Privacy Shield Overview & Tentative Take-Up


A little over a month into Privacy Shield, and the data transfer agreement now protects 200 business entities, but there is still some legal uncertainty surrounding the agreement.

European Courts in individual companies may challenge the new Privacy Shield laws, which ultimately go to the EU Court of Justice.

Most Data Protection Authority (DPAs) are operating under the notion that they should give the new laws a full year to work out any bugs before filing any complaints (link to last Privacy Shield post), but in some places like Hamburg, Germany, DPAs are already planning to challenge the new laws.

The decision to replace EU-US Safe Harbor Framework with Privacy Shield was heavily informed by the Edward Snowden revelations regarding the US government’s bulk data collection practices. (Keep an eye out for next week’s review of Snowden and the live Q&A after the movie premiere.)

Privacy Shield applies to data transfers from the EU to the US, and for organizations that are regulated by the FTC or DoT. Financial organizations, for example, aren’t directly affected by Privacy Shield because they aren’t regulated by those governing bodies.

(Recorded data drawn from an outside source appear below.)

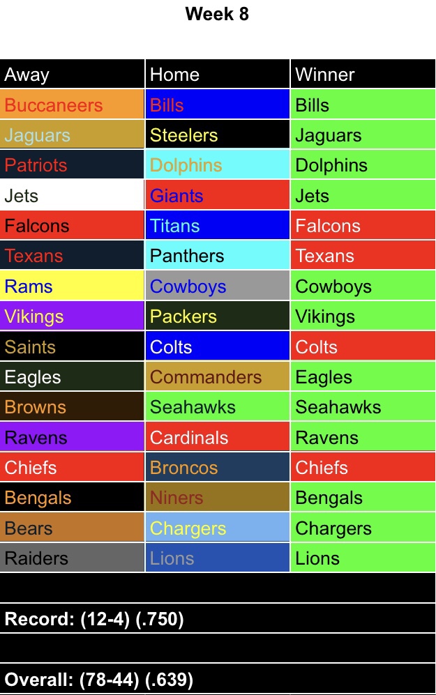 Heck of a turn around if you ask me. But if history tells us anything, I’m doomed to fail in Week 9. Wonder how I did in bets?
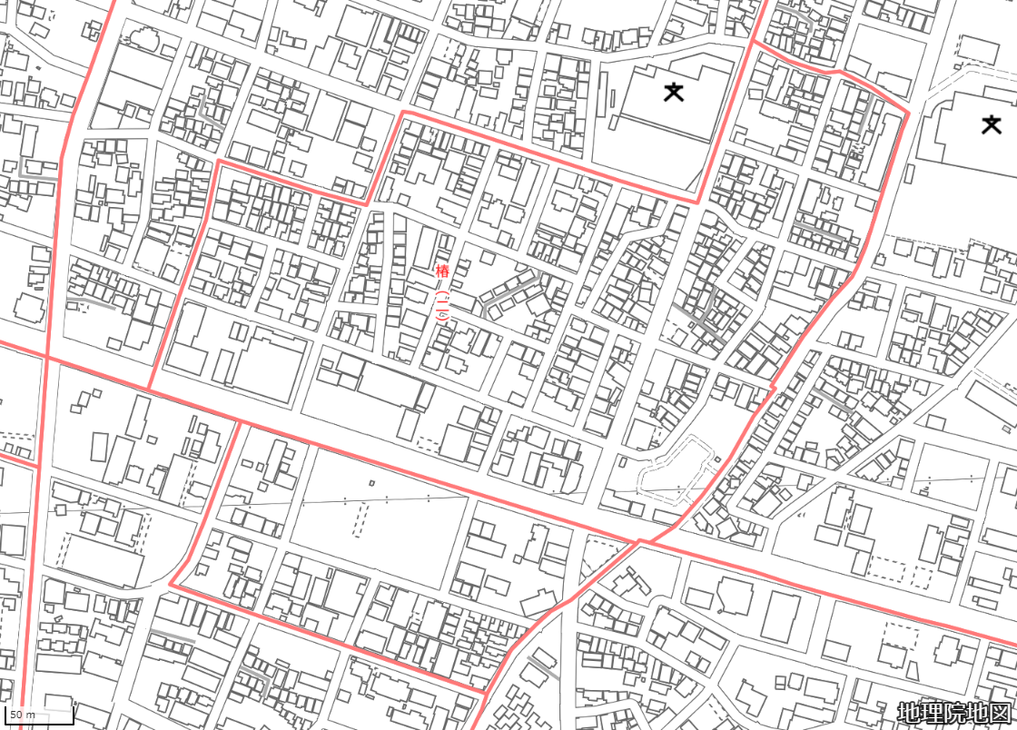 地図の内容は国土地理院が作成した時点の情報を反映しており、実際の現況とは異なる場合があります。現在は存在しない建物や道路、新たに整備された施設などが含まれることがありますので、あらかじめご了承ください。
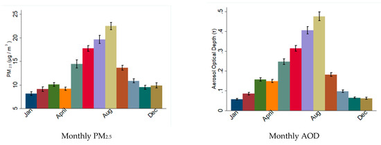 Monthly distribution of particulate material during the study period in South Florida. The graphs show the average values of PM2.5 and AOD recorded per month during the period 2012–2016. Note the higher values during summer months.
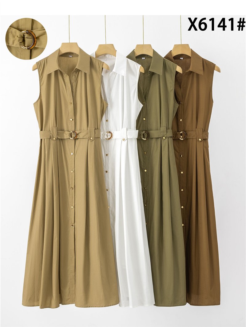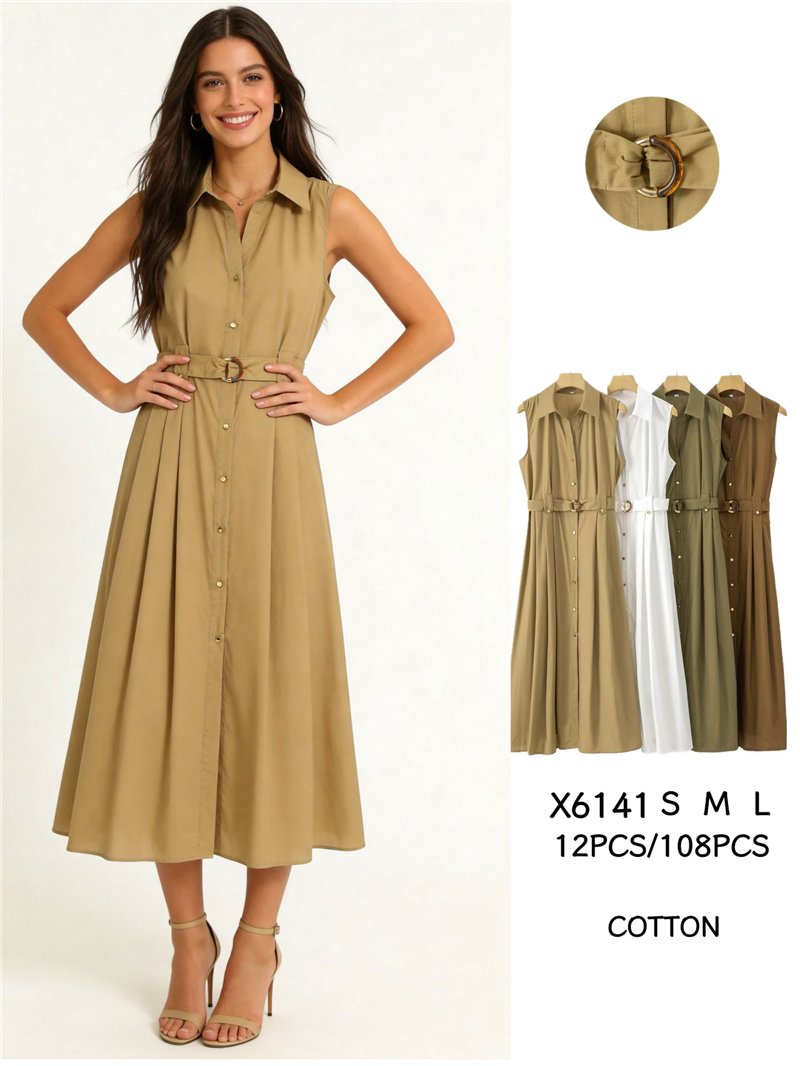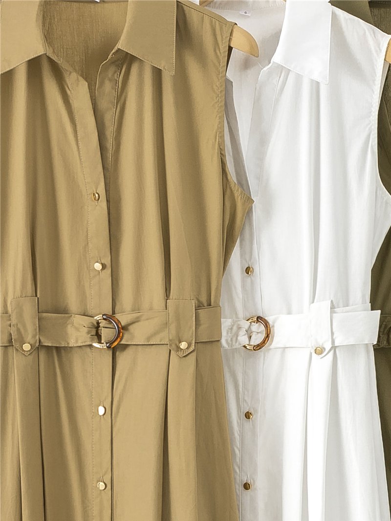 Vestido camisero midi sin mangas con cinturón hebilla
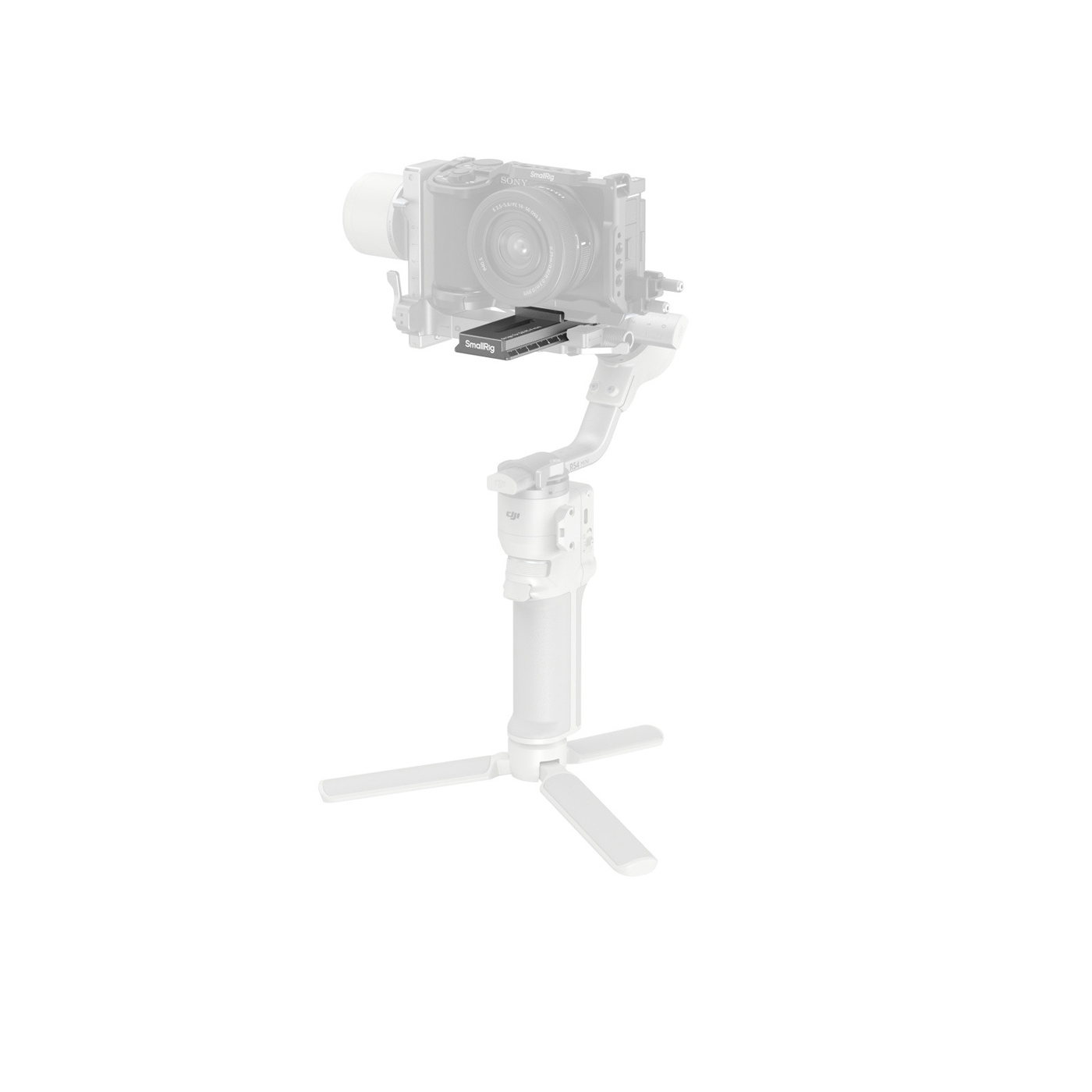 SmallRig Quick Release Plate for DJI RS 4 Mini 5336 is a dedicated plate designed to optimize shooting efficiency by enabling a quick switch between tripod and stabilizer setups. This quick-release plate for Arca-Swiss can be attached by tightening a thumbscrew, eliminating the need for additional tools.
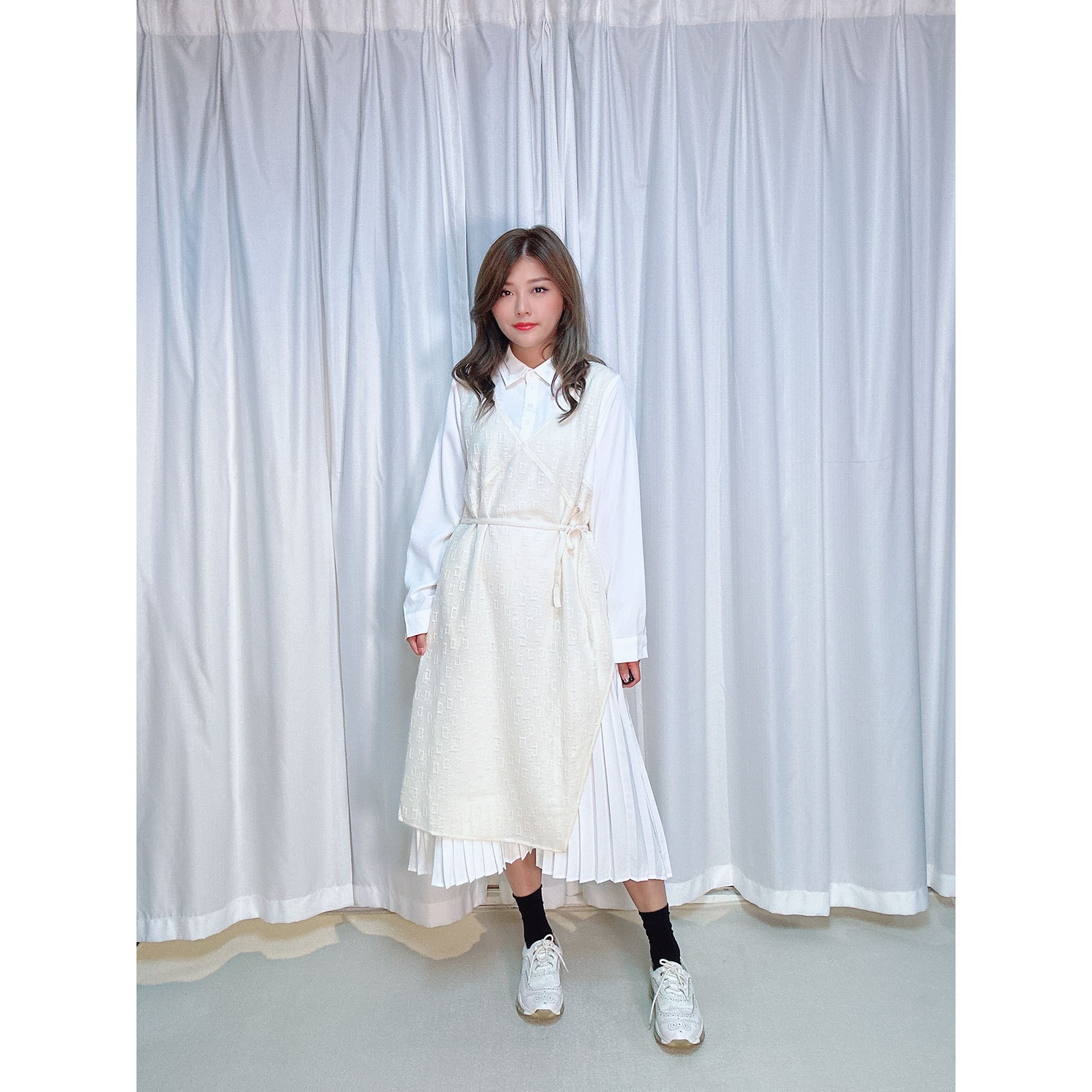 102637BM2186 獨家款 拼色一邊壓摺連身裙 極顯瘦!
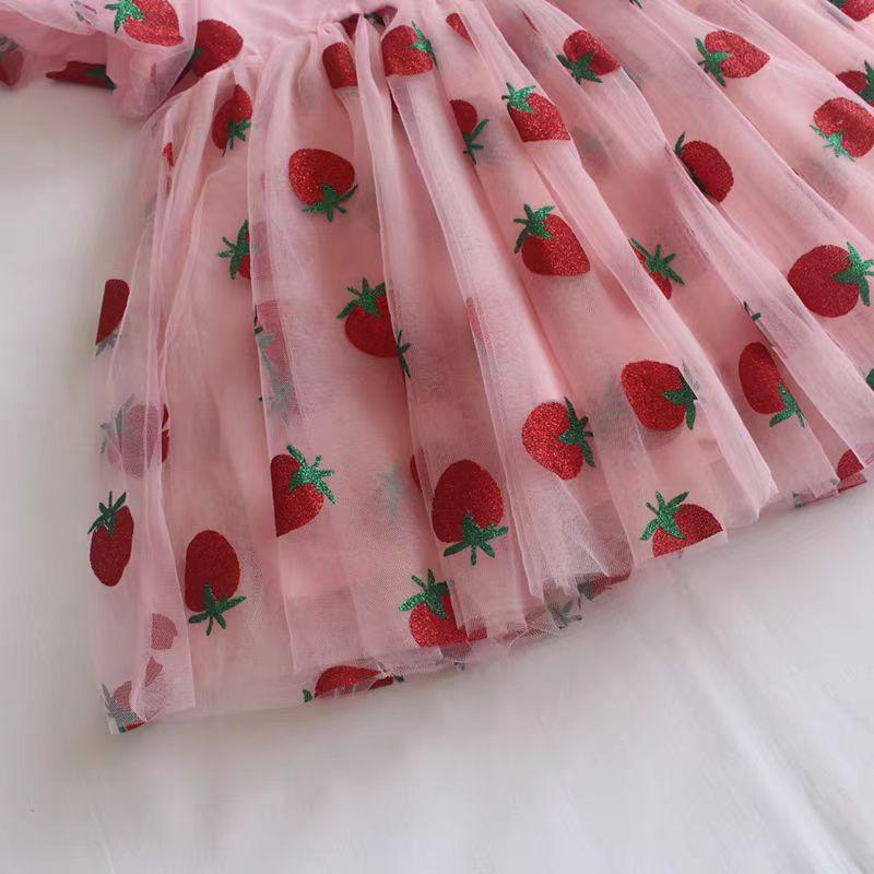 Vestido de Verano para Niñas vestido Bebé Elegante Infantil Personalizado Moderno Marca Estilo Coreano Fresco Fresa Malla Hada Princesa Vestido
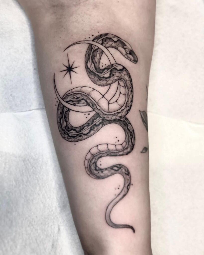 This tattoo features a detailed serpent gracefully coiled around a crescent moon, with a star shining nearby.
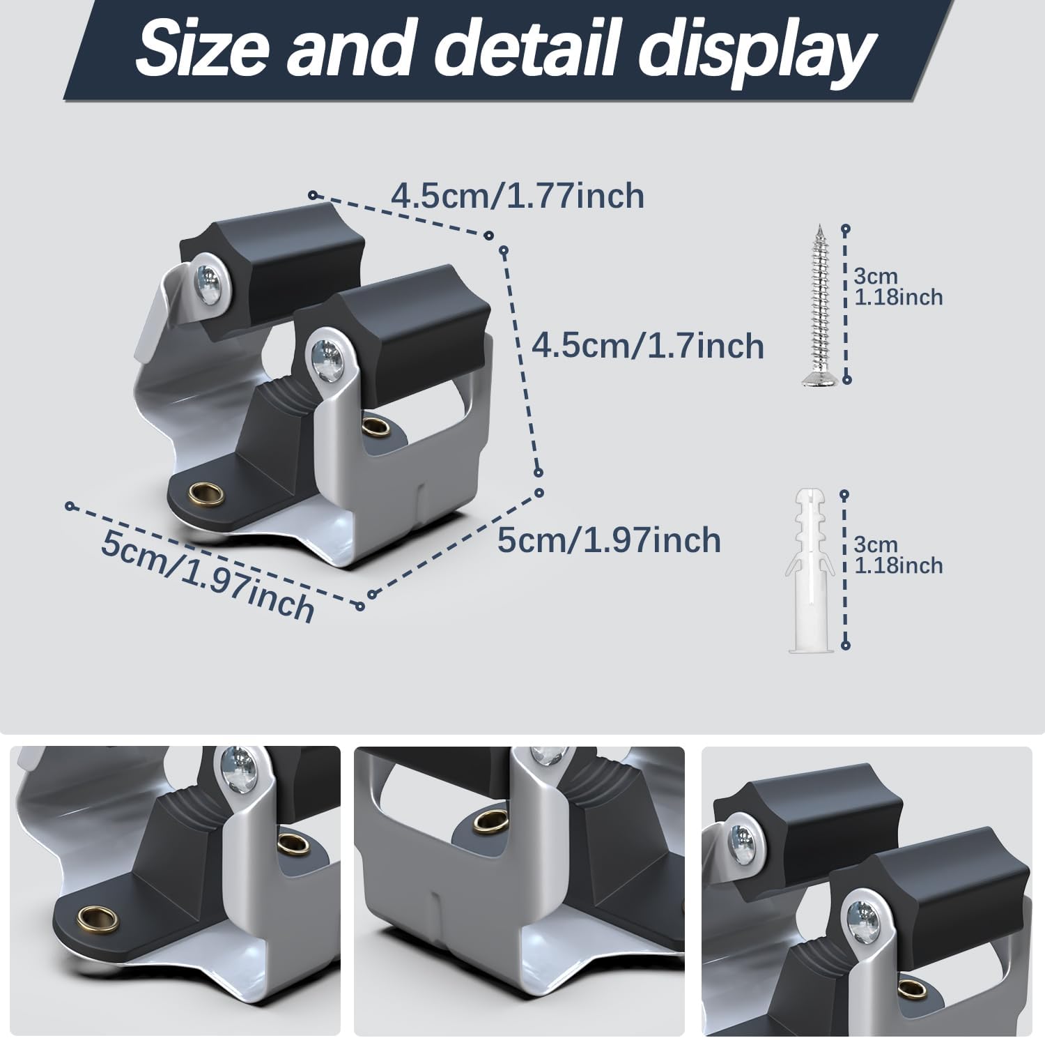 - SUPERB STABLE - Can be attached individually and placed individually.with fit diameter range from 18-35 mm(0.7-1.45 in) by lifting the mop handle, the broom wall mount rolling balls automatically adjust to each broom handle's thickness and grips it securely. silicone grip keeps tool handles away from slipping & scratching,broom holder can grip up to 8-10 pounds cleaning tools and garden tools
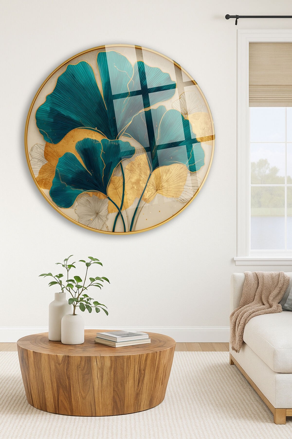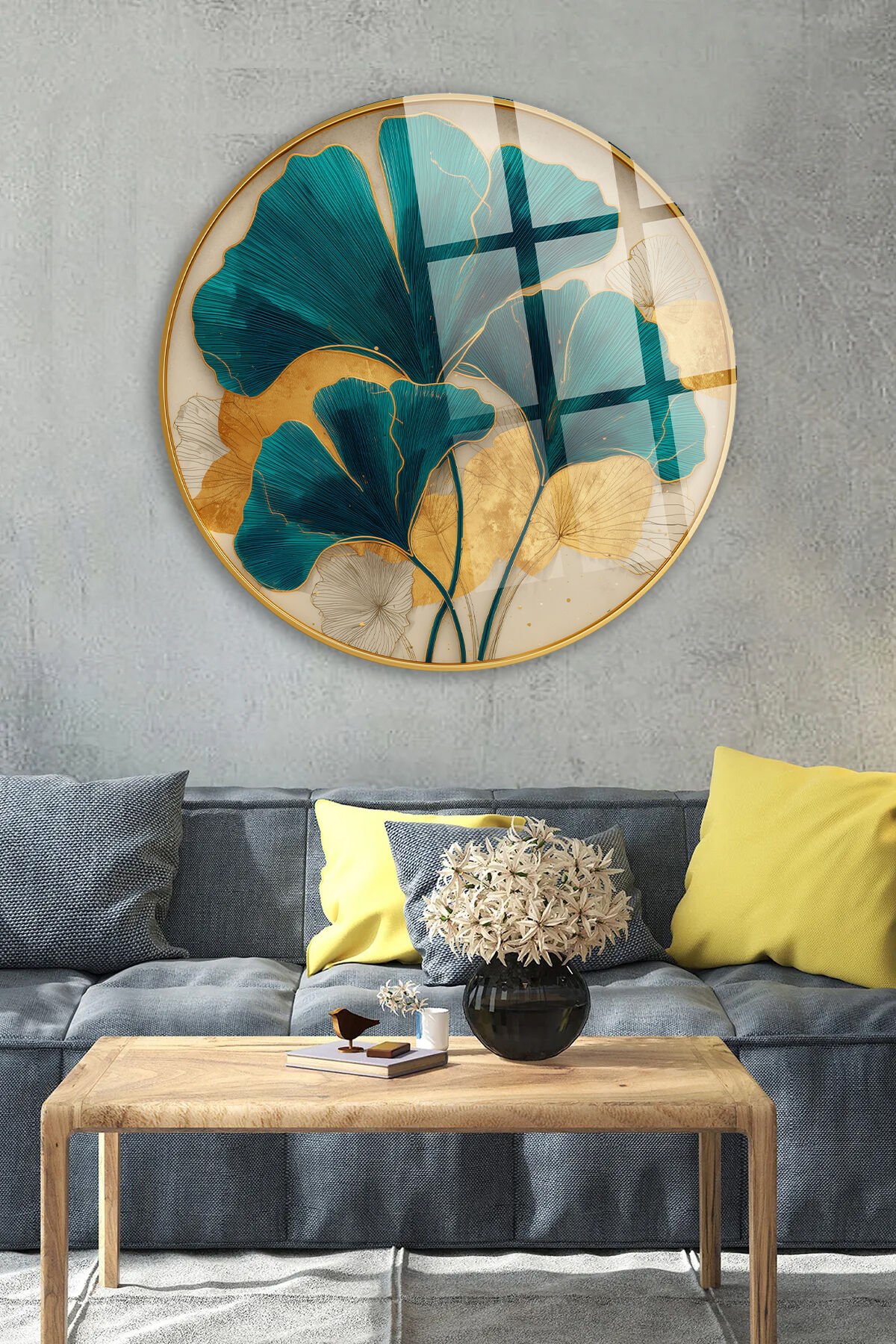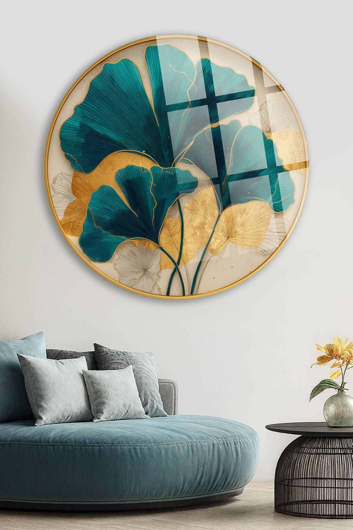 TURKUAZ ALTIN GİNKGO YAPRAK DESENİ MODERN SANAT KIRILMAZ LÜKS CAM TABLO Turkuaz

Many global organizations need to implement the Privacy Shield requirements indirectly, because US organizations that self-certify push the Privacy Shield obligations onto their vendors via contractual terms. Privacy Shield indirectly applies to any organization with which a Privacy Shield-compliant company transfers personal data, to some extent.

Self-certifying for Privacy Shield will ensure lawful overseas transfers in the short-term, however, US companies are advised to continue considering and implementing other compliance solutions to legitimize transatlantic data transfers for the time being.